La direction des achats et la DSI sont les principaux prescripteurs des solutions, tandis que la DG et la direction des achats sont les principaux décisionnaires : la DG a considérablement repris la main sur la décision, ce qui recoupe l'étude sur la demande effectuée par l'IMA.
Selon les fournisseurs, les clients attendent des fournisseurs des progrès en matière d'ergonomie et de mobilité ainsi que des offres en cloud. Le secteur embauche toujours. Les offreurs ont même du mal à trouver des chefs de projets qui peuvent accompagner les clients à l'international.
Selon les offreurs, la consolidation des acteurs va se poursuivre lentement et ils pensent que c'est plutôt une bonne chose. D'après eux, après SAP, d'autres grands acteurs vont entrer sur ce marché, dont Oracle et Microsoft. Le moral est revenu depuis la fin de 2013, la peur de la crise semble s'estomper et 2014 pourrait être l'année de la reprise : les prévisions pour l'année sont à la croissance avec une augmentation du nombre de projets, des effectifs et du chiffre d'affaires.

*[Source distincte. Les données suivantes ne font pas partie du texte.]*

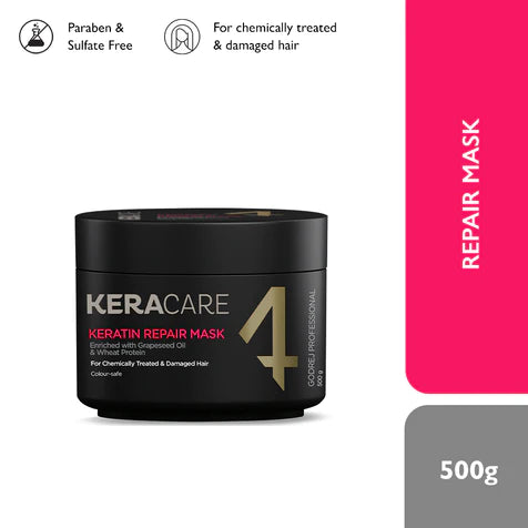 - Grapeseed oil and wheat protein are the two key ingredients that form the foundation of the Keracare Keratin Repair Mask.
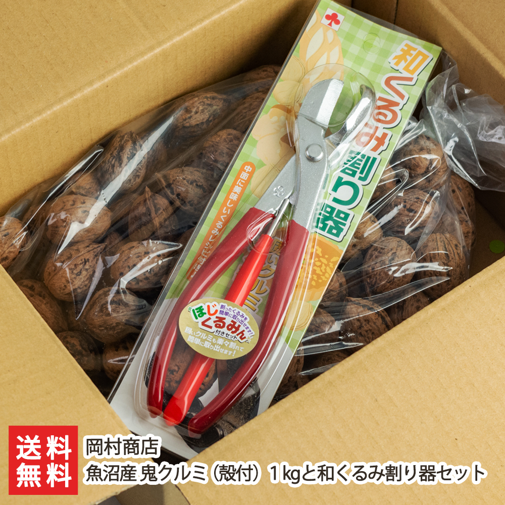 魚沼産 鬼クルミ(殻付)1kg(クルミの内容量:約100個)と和くるみ割り器セット/岡村商店/国産/のし無料/送料無料

Comparaison des réponses de l'offre et de la demande
Les évolutions attendues des éditeurs vues par l'offre et la demande
Offreurs et clients sont d'accord sur la durée et la taille des futurs projets. Par contre, leurs avis diffèrent sur le nombre de projets et les investissements de modernisation, les offreurs étant plus optimistes que les clients. En ce qui concerne les évolutions attendues, les offreurs privilégient une intégration au back-office alors que les clients ne la demandent pas. Par contre, ceux-ci réclament plus de proximité et de réactivité, ce que les offreurs anticipent moins. Mais tous prévoient un enrichissement fonctionnel des solutions. Les offreurs s'attendent à accompagner leurs clients dans leur expansion internationale, plus que ceux-ci ne l'envisagent. Mais ces projets demandent des investissements lourds, qui risquent de fragiliser leur base installée nationale. Par comparaison, selon Arnaud Salomon, "les éditeurs américains ont du mal à s'implanter en Europe car ces métiers récents nécessitent une forte proximité avec les clients."